Spec 1.5: MedNeXt-L kernel5 + SkeletonRecall surface predictor
Open-source surface segmentation model for carbonized Herculaneum / Vesuvius scrolls. Beats bruniss's production d058 baseline by +0.27 high_compressed IoU absolute (+66% relative) on held-out Scroll-1 cubes, addressing the failure mode in ScrollPrize/villa#191 where d058 merges adjacent compressed sheets.
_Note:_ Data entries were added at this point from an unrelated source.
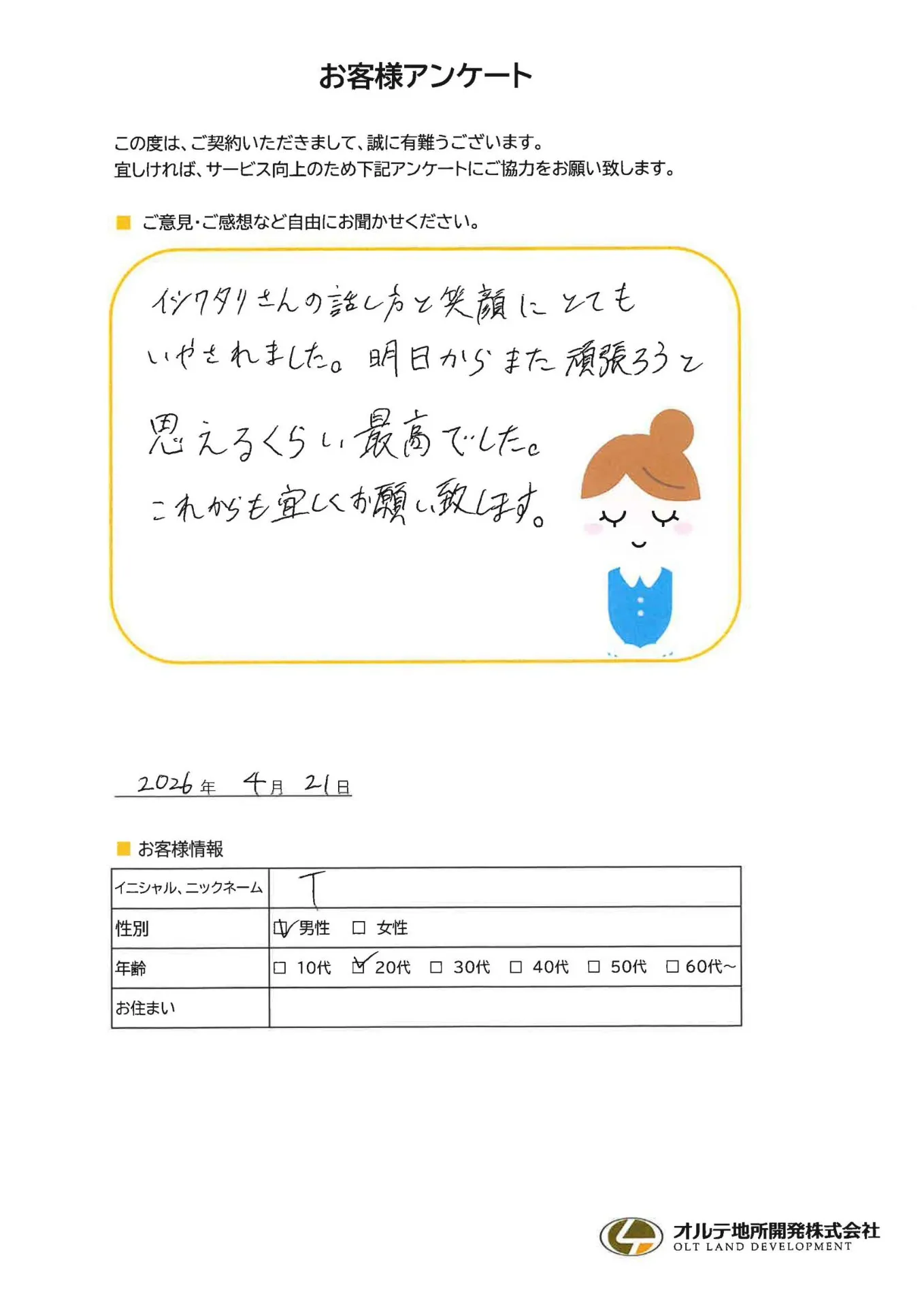 お客様アンケートにご回答いただきました!
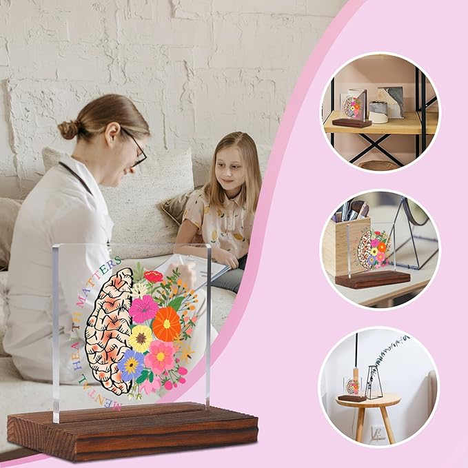 - Robust Construction: Made with high-quality acrylic and a wooden base, the sign's robust build ensures it stands as a long-lasting addition to any professional setting, continually reminding of the vital role of mental health care.
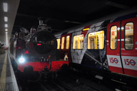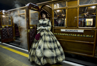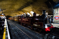 隨著夜色中的一聲汽笛,一輛19世紀(jì)蒸汽機(jī)車?yán)S多利亞時(shí)代的木制車廂駛?cè)雮惗氐罔F穆?tīng)柹w特車站,白色蒸汽從紅色車頭上冒出來(lái),煤氣味在空中彌漫,這一幕似乎把人們帶回到了1863年。那一年1月9日,倫敦開(kāi)通了世上第一條地鐵線路。
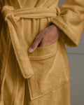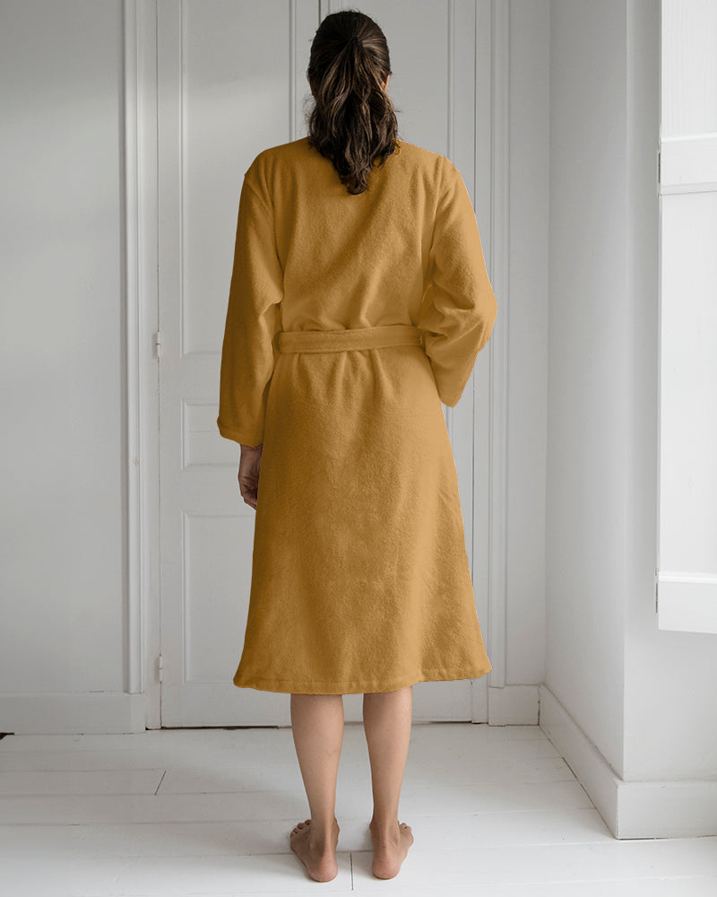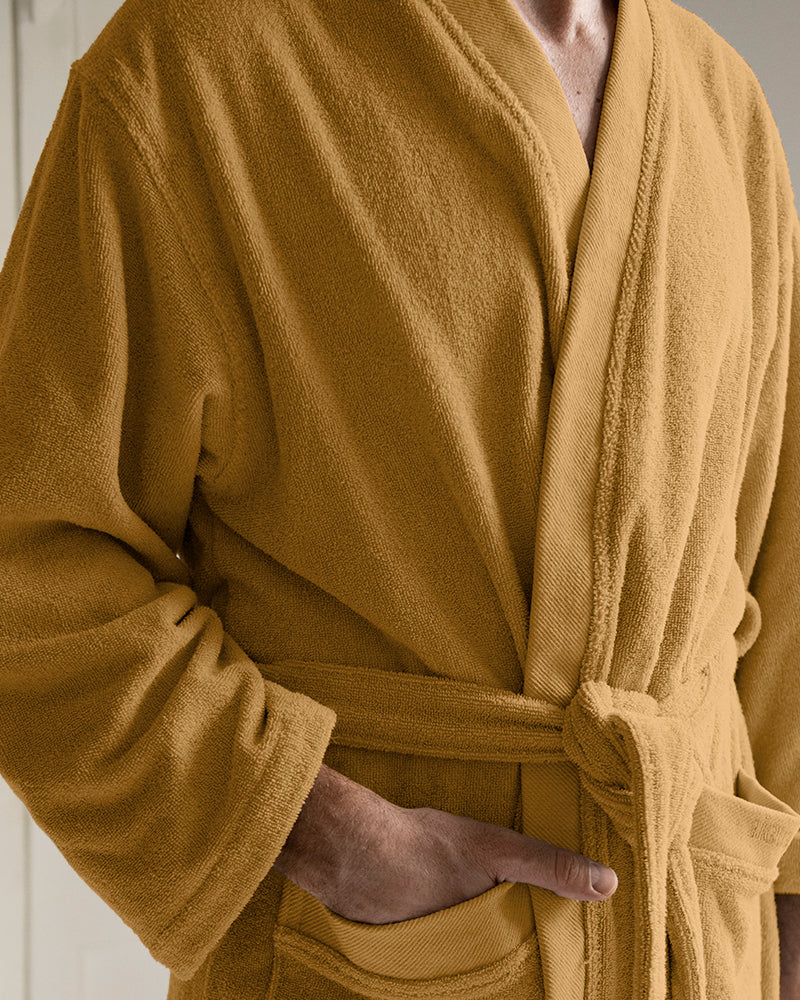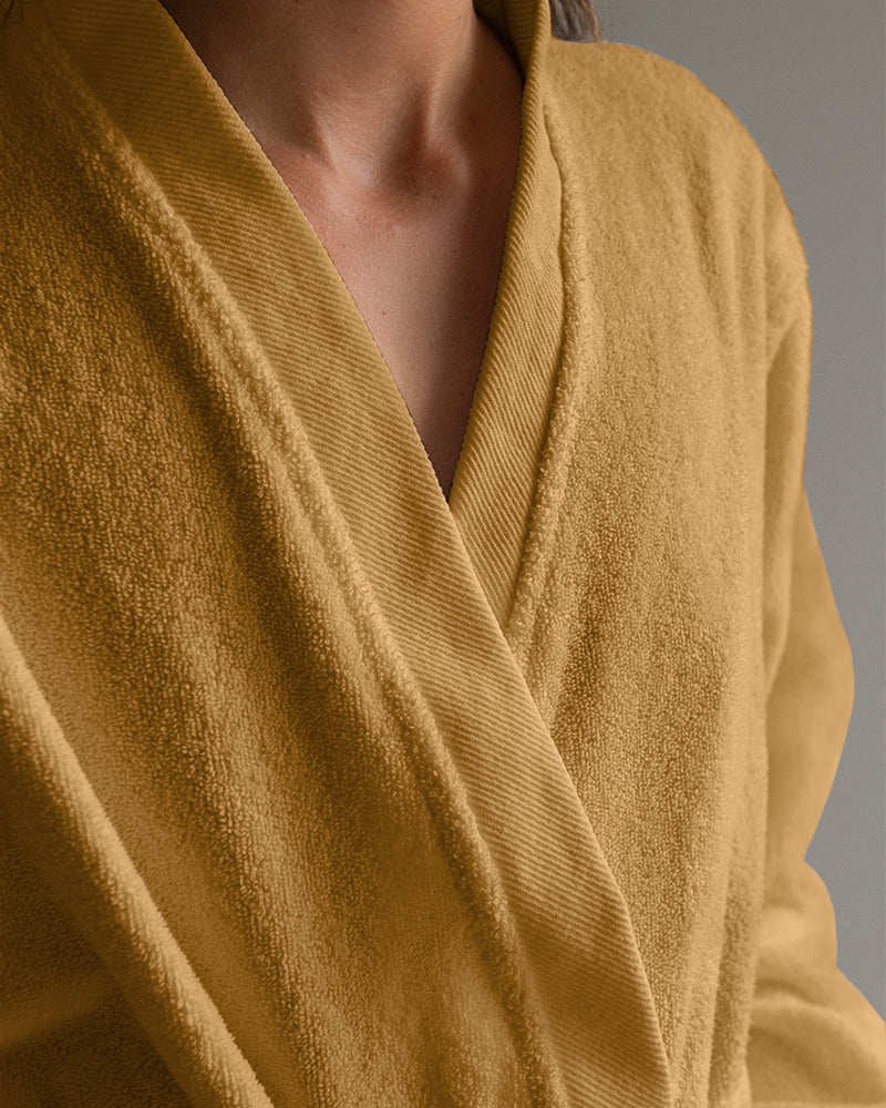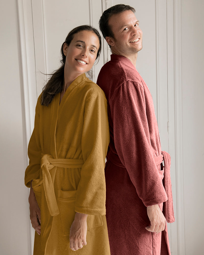 Composición: Albornoz de Algodón Bio-orgánico 100% tintado y lavado en prenda. Peso ideal con 450 gr/m2.
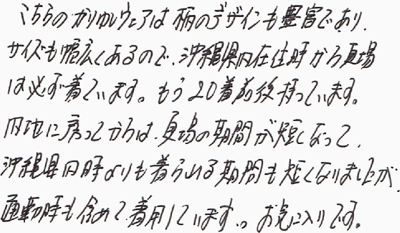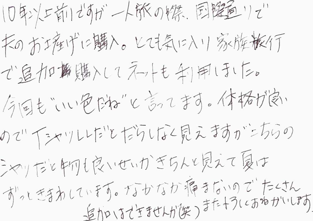 10年以上前ですが一人旅の際、国際通りで夫のお土産に購入。とても気に入り家族旅行で追加購入してネットも利用しました。今回も“いい色だね”と言っています。体格が良いのでTシャツLLだとだらしなく見えますがこちらのシャツだと物も良いせいかきちんと見えて夏はずっときまわしています。なかなか痛まないのでたくさん追加はできませんが(笑)またよろしくおねがいします。
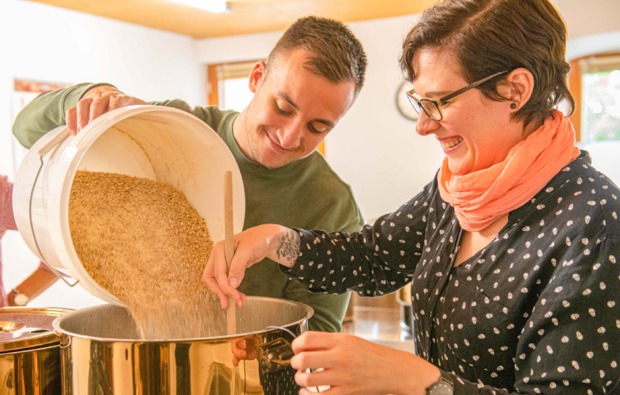 Schon bei Deiner Ankunft wirst Du kulinarisch empfangen. Zur Begrüßung erhältst Du eine Butterbreze und Kaffee, damit startest Du voller Tatendrang in das Seminar. Zwischendrin stärkst Du Dich mit einem rustikalen Mittagessen. Du siehst, für das leibliche Wohl ist beim Braukurs in Tettnang in der Nähe des Bodensees definitiv gesorgt. Das hast Du Dir bei so viel Einsatz aber sicher auch verdient, oder?

Full writeup, reproduction scripts, and held-out evaluation pipeline: https://github.com/ciscoriordan/mednext-vs-umamba-scroll
Headline
| stratum (Scroll-1 instance-labels-harmonized cubes) | n | mean d058 high_compressed IoU | mean Spec 1.5 high_compressed IoU | mean Δ |
|---|---|---|---|---|
| truly held-out (z < 960, no Dataset059 training overlap) | 2 | 0.404 | 0.671 | +0.267 |
| partial overlap (z = 768) | 2 | 0.492 | 0.639 | +0.147 |
| in-training-z range | 2 | 0.387 | 0.509 | +0.122 |
| all six cubes | 6 | 0.427 | 0.606 | +0.179 |
Spec 1.5 wins on 6 of 6 cubes; biggest gap on the truly-held-out z=0 cube (+0.32). Numbers are best per-bucket-threshold IoU (calibration-fair: d058 calibrates around T=0.10, Spec 1.5 around T=0.20-0.25).
What's in this repo
| path | what it is |
|---|---|
kernel5_skelrec_dataset059_ep33/ |
Spec 1.5 (the win): MedNeXt-L kernel5 + SkeletonRecall + Dataset059, ep 33 best-generalizing snapshot. checkpoint_best.pth, plans.json, dataset.json, nnUNetTrainerSkeletonRecall_MedNeXtL_kernel5.py, progress.png, full training log. |
kernel5_stage_a_lowlr/ |
MedNeXt-L kernel5 with plain Dice+CE (no SkelRec). Stage A of UpKern (lr=5e-4). Baseline. |
kernel5_stage_b_highlr_continuation/ |
MedNeXt-L kernel5 with plain Dice+CE, warm-start + high LR. Baseline. |
checkpoint_kernel3_best.model + .pkl |
MedNeXt-L kernel3 with plain Dice+CE (UpKern stage 1, weight-upsampled to kernel5 in Spec 1.5). Baseline. |
plans.pkl |
nnUNet v1 plans (legacy, for the kernel3 / kernel5 plain-Dice+CE baselines). |
The Spec 1.5 ckpt is the one to use for production inference; the others are baselines preserved for the architecture-vs-loss ablation analysis.
How the win was isolated
Plain Dice+CE on MedNeXt-L (any kernel size, any LR schedule, any init) lands at 0.29-0.32 high_compressed IoU on the held-out z=0 cube, all worse than d058 (0.346). Same architecture with bruniss's SkeletonRecall loss (Dice + Skeleton-Recall + CE) jumps to 0.666. The architecture and the loss both contribute, and they stack:
| model | high_compressed IoU on cube_00000 (held-out) |
|---|---|
| d058 (ResEnc-L + SkelRec, production) | 0.346 |
| MedNeXt-L kernel3 + plain Dice+CE | 0.320 |
| MedNeXt-L kernel5 + plain Dice+CE (best variant) | 0.306 |
| MedNeXt-L kernel5 + SkeletonRecall (Spec 1.5) | 0.666 |
So: replacing Dice+CE with SkeletonRecall is the lever for issue #191's failure mode. A stronger architecture compounds with it cleanly.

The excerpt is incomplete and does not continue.